::: Supplied material :::

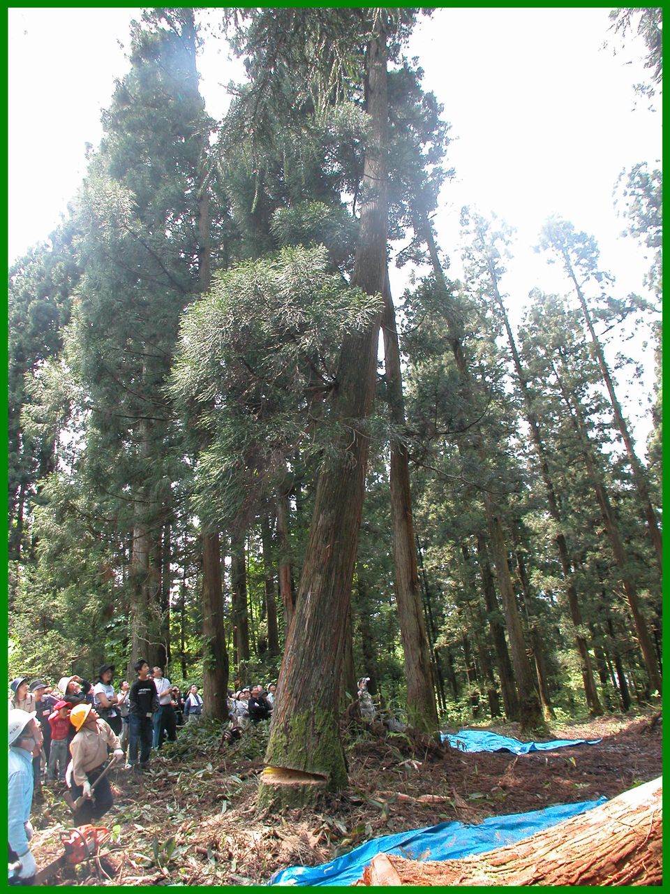 「今日までこの杉の大木は、風雨や大雪、台風などにも負けないで真っ直ぐに成長してきました。これからは私たちがこの命を受け継いで、100年以上も立派に住み続けていける住まい、『家』として利用させていただくのです。」
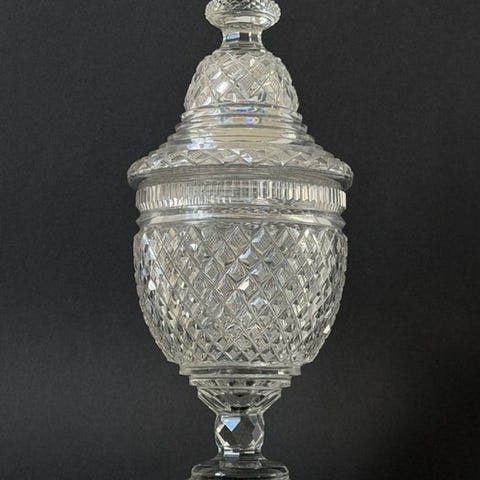 Val Saint Lambert krystalvase, underskrevet M, fra 1990’erne, udadvendt form på en hexagonalt fod, med store facets og diamantspidser over hele overfladen; højde ca. 24 cm, maks diameter ca. 17 cm, fodbredde ca. 12 cm, vægt 2600 g, i fremragende stand. Klik på den blå "gå til varen" knap, for at købe eller byde på denne vare. Den samlede pris vil blive vist inden du afgiver dit bud.
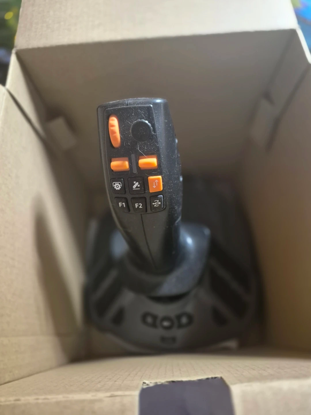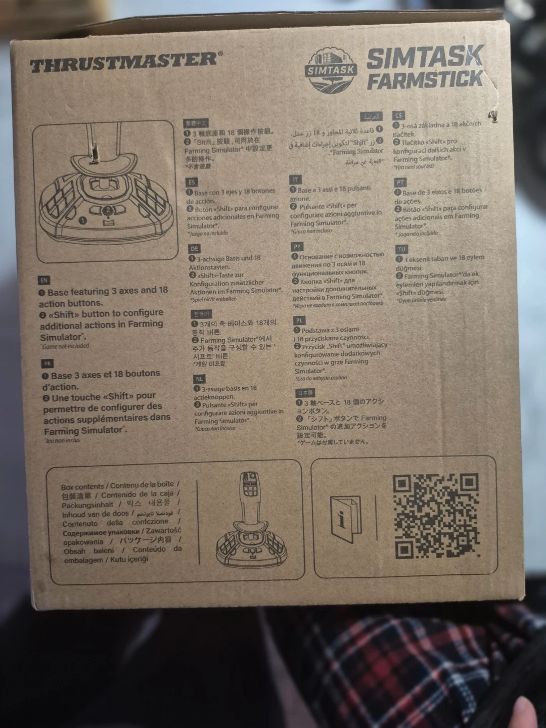 This is the Thrustmaster SimTask Farmstick, designed for Farming Simulator. It features 3 axes and 18 action buttons, plus a twist handle for additional control. The base includes 3 axes and 18 buttons, along with a twist grip for more ways to configure your in-game actions. It's great for enhancing your farming simulation experience!
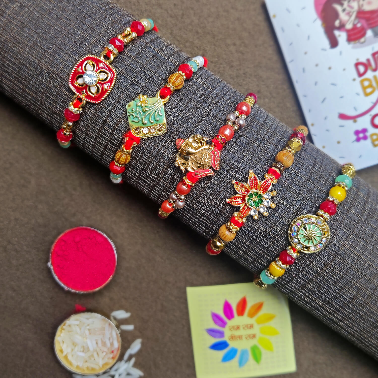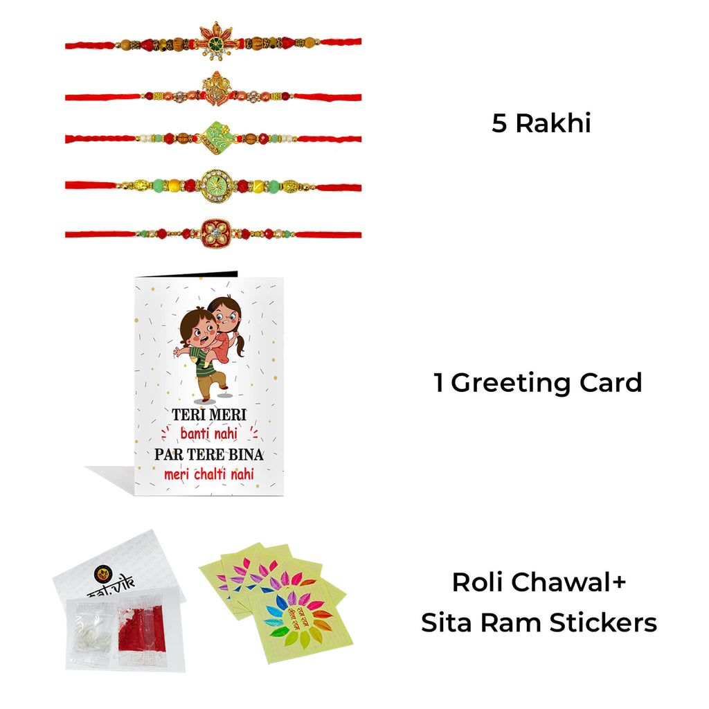 • Package: Assorted Rakhi Set of 5

:::

Your goal: Leave out every picture, and copy exactly the lines from the line that contains "This is the" through the end of the material.

Response to this task:
 This is the Thrustmaster SimTask Farmstick, designed for Farming Simulator. It features 3 axes and 18 action buttons, plus a twist handle for additional control. The base includes 3 axes and 18 buttons, along with a twist grip for more ways to configure your in-game actions. It's great for enhancing your farming simulation experience!
 • Package: Assorted Rakhi Set of 5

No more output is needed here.